**What needs to be done:**
The lines to repeat run from the one containing "Zagorela streha telovadnice" through the last line of the records below; repeat them exactly and give nothing more.

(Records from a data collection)
▬▬▬▬▬▬

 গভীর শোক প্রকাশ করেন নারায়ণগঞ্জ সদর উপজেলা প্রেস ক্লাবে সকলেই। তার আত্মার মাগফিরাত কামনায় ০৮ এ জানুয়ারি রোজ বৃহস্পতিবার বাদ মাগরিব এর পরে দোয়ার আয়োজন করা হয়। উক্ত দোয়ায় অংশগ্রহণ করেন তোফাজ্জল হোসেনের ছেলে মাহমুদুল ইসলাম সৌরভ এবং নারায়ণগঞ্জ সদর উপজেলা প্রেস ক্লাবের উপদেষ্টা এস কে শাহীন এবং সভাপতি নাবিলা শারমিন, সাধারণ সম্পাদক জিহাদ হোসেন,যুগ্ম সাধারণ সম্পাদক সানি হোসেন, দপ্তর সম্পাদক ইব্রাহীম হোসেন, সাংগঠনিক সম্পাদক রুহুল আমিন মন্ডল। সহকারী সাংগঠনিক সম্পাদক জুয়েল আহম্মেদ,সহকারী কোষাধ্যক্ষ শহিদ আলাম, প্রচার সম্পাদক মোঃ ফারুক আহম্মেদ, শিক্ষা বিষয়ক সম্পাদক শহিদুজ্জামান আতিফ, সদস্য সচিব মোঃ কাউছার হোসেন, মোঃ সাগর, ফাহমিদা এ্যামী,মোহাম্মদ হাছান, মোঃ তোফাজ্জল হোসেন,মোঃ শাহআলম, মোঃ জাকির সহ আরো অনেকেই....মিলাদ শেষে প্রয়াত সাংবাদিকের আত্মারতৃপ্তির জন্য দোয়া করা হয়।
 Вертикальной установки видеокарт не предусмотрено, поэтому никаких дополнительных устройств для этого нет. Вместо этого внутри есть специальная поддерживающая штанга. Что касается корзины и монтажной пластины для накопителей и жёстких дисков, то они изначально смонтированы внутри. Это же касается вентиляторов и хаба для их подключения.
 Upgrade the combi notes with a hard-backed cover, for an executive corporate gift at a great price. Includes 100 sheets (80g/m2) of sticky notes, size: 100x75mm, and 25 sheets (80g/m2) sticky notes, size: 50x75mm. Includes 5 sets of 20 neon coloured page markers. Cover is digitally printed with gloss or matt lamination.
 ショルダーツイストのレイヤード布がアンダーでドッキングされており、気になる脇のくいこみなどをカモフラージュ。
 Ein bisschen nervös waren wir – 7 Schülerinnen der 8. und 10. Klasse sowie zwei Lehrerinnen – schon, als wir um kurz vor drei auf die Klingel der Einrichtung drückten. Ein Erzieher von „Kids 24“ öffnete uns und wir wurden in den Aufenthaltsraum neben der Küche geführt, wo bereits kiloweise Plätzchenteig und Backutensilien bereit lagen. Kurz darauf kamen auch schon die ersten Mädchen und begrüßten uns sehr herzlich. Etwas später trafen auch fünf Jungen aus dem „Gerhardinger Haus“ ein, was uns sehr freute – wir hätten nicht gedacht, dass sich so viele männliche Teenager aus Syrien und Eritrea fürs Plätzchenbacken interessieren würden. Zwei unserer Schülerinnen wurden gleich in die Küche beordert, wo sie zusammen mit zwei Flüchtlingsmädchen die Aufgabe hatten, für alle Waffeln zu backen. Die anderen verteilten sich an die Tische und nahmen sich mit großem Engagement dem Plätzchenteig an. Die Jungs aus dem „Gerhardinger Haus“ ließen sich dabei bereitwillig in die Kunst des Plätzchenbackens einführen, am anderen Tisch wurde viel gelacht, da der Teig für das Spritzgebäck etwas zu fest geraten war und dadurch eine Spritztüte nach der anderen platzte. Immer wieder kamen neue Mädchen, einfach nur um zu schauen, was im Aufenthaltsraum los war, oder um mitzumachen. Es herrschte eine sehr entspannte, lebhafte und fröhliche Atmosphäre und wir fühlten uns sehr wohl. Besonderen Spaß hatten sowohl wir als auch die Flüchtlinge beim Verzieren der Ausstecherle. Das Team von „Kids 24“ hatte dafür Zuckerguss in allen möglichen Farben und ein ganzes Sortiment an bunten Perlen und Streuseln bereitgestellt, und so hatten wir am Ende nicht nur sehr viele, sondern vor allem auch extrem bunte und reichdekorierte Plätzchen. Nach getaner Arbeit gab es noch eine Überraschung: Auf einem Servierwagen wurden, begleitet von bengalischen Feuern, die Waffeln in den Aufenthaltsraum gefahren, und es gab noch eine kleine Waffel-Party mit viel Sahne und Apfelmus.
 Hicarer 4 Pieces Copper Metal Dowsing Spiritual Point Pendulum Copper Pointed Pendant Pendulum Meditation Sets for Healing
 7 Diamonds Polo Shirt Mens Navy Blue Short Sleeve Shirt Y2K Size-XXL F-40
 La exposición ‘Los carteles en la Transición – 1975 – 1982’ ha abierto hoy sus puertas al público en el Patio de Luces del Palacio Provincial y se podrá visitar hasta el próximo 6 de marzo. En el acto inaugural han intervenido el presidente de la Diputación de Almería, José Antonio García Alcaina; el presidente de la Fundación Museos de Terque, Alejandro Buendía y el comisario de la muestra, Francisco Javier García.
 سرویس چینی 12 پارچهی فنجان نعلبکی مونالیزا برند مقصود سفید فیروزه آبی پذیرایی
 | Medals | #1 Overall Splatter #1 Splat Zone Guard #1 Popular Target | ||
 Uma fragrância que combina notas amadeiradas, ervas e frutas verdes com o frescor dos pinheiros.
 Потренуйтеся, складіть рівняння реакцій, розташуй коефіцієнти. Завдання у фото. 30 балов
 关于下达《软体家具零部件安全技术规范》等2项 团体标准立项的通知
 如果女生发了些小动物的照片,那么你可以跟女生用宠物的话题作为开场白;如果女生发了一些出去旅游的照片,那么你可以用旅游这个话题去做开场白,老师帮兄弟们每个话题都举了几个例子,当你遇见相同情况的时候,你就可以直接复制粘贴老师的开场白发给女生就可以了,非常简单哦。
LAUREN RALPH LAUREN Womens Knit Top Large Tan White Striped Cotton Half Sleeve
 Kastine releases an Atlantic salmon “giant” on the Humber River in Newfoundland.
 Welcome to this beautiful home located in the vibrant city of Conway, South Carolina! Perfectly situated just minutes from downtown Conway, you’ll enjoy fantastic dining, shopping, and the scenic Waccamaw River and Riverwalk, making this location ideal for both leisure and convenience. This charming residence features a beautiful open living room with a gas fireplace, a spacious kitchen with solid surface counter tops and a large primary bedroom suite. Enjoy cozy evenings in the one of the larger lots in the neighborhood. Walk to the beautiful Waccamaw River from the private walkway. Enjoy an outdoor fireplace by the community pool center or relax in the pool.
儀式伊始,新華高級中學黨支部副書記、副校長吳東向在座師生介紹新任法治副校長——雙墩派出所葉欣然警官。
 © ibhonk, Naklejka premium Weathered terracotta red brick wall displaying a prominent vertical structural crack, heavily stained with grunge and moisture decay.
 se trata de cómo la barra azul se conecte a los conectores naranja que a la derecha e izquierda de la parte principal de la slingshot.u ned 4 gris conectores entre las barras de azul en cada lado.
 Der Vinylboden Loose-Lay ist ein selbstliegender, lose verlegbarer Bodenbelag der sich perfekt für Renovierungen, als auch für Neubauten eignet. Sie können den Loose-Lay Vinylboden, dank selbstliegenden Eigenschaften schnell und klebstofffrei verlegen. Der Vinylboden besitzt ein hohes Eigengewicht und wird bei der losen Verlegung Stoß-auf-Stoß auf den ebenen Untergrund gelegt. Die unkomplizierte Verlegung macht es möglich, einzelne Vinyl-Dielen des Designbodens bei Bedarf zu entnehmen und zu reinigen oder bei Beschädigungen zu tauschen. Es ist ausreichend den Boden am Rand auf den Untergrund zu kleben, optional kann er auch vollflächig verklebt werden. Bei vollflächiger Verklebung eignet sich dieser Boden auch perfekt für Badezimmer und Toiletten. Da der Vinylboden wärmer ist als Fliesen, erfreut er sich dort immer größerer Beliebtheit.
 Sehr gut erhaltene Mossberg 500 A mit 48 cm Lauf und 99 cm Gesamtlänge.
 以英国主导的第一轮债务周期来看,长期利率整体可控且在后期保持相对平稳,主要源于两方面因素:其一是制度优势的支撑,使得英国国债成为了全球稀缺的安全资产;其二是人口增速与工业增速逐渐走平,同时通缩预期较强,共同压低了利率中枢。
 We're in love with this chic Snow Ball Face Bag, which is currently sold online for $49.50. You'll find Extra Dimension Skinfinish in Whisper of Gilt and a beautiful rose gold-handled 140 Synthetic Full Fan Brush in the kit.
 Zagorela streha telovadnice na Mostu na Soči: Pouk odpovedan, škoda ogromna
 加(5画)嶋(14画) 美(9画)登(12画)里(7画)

▬▬▬▬▬▬

**Response area:**
 Zagorela streha telovadnice na Mostu na Soči: Pouk odpovedan, škoda ogromna
 加(5画)嶋(14画) 美(9画)登(12画)里(7画)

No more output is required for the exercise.